* _WHAT YOU NEED TO DO_:
From the material below, reproduce exactly the stretch of lines that begins with the line holding "Уругвай 20 сентесимо" and ends with the line holding "entrepreneurs, home has", skipping the pictures.

* _DATA IN THIS EXERCISE_:
.....

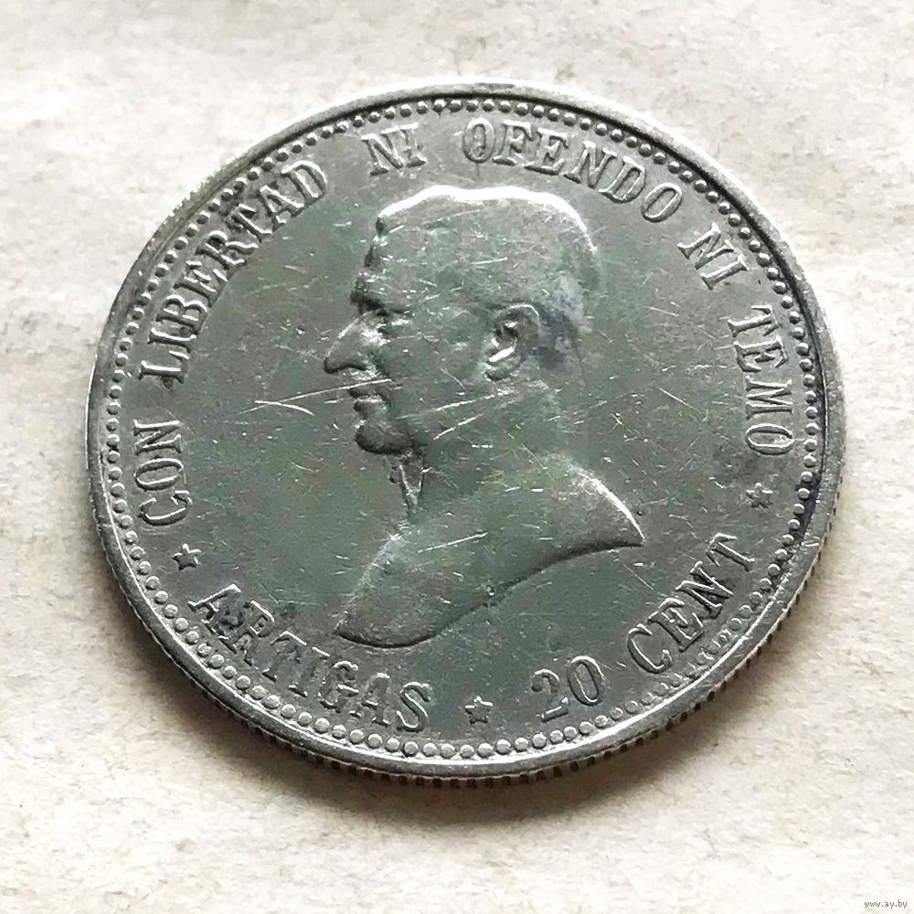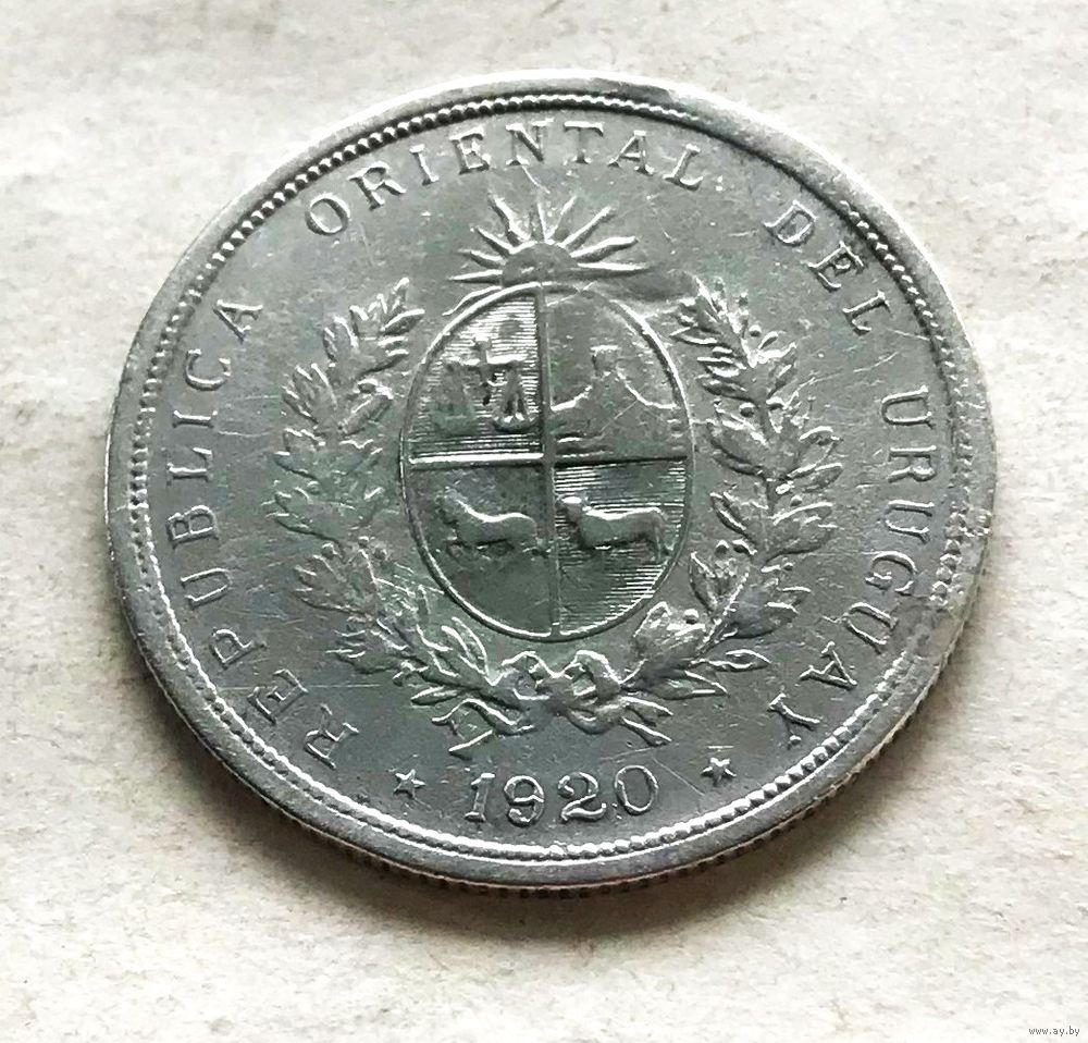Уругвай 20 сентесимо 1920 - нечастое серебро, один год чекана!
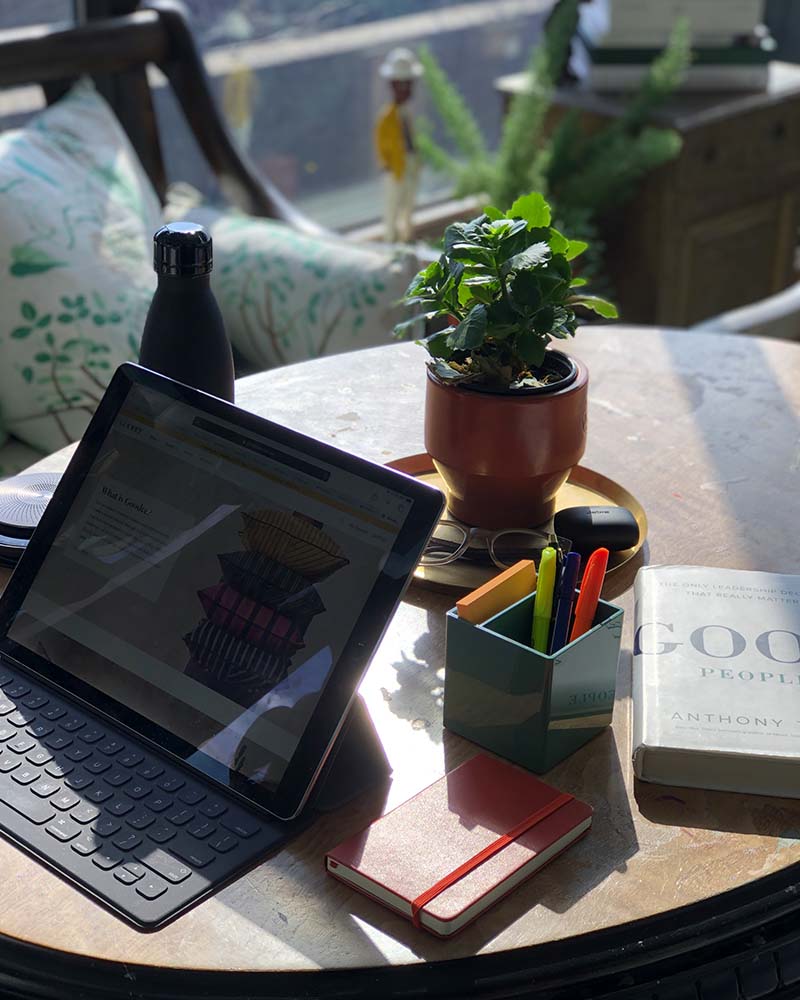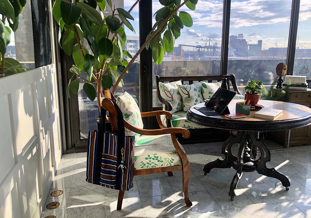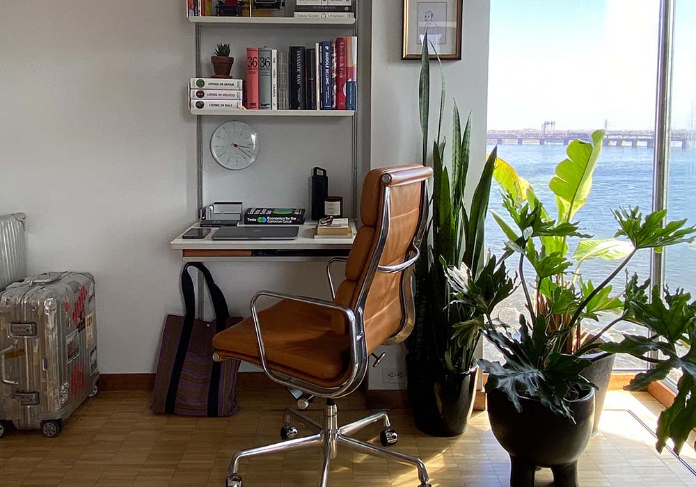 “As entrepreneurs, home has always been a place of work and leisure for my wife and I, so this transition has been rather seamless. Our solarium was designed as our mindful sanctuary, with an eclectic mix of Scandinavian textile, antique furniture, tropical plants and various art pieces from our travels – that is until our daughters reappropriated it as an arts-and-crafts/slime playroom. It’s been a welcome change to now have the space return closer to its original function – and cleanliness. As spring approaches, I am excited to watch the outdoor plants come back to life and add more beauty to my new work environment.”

.....

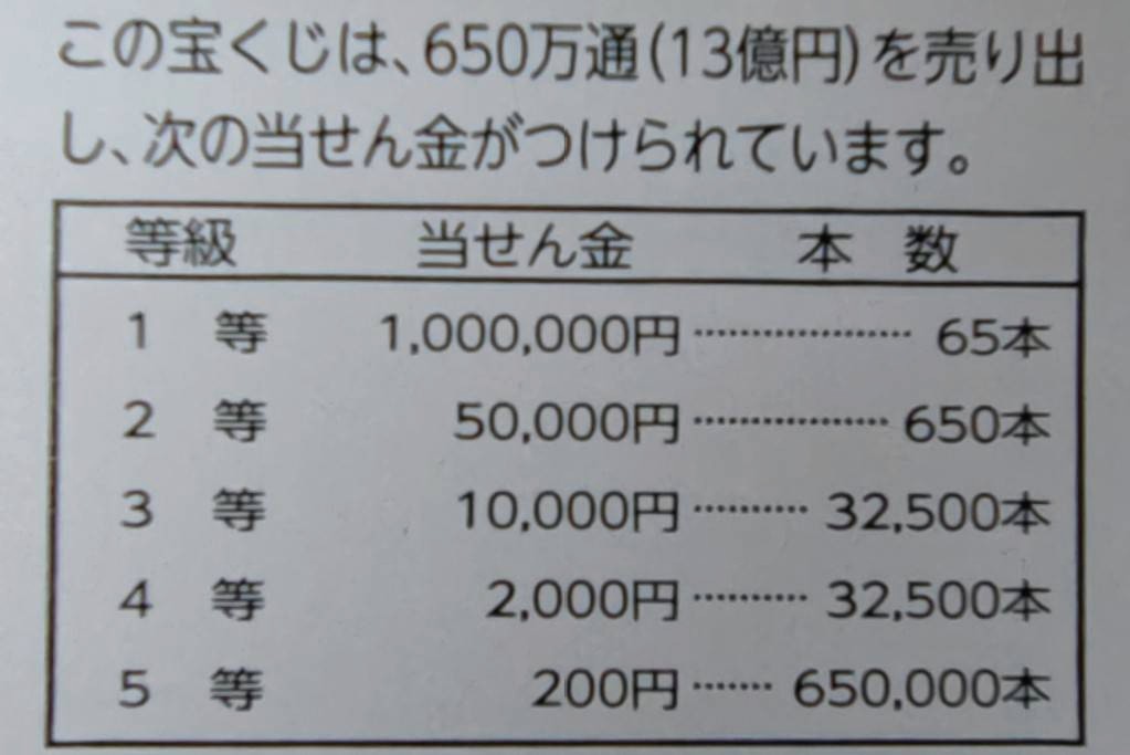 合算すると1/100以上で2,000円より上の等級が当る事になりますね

.....

* _RESULT FOR THIS TASK_:
Уругвай 20 сентесимо 1920 - нечастое серебро, один год чекана!
 “As entrepreneurs, home has always been a place of work and leisure for my wife and I, so this transition has been rather seamless. Our solarium was designed as our mindful sanctuary, with an eclectic mix of Scandinavian textile, antique furniture, tropical plants and various art pieces from our travels – that is until our daughters reappropriated it as an arts-and-crafts/slime playroom. It’s been a welcome change to now have the space return closer to its original function – and cleanliness. As spring approaches, I am excited to watch the outdoor plants come back to life and add more beauty to my new work environment.”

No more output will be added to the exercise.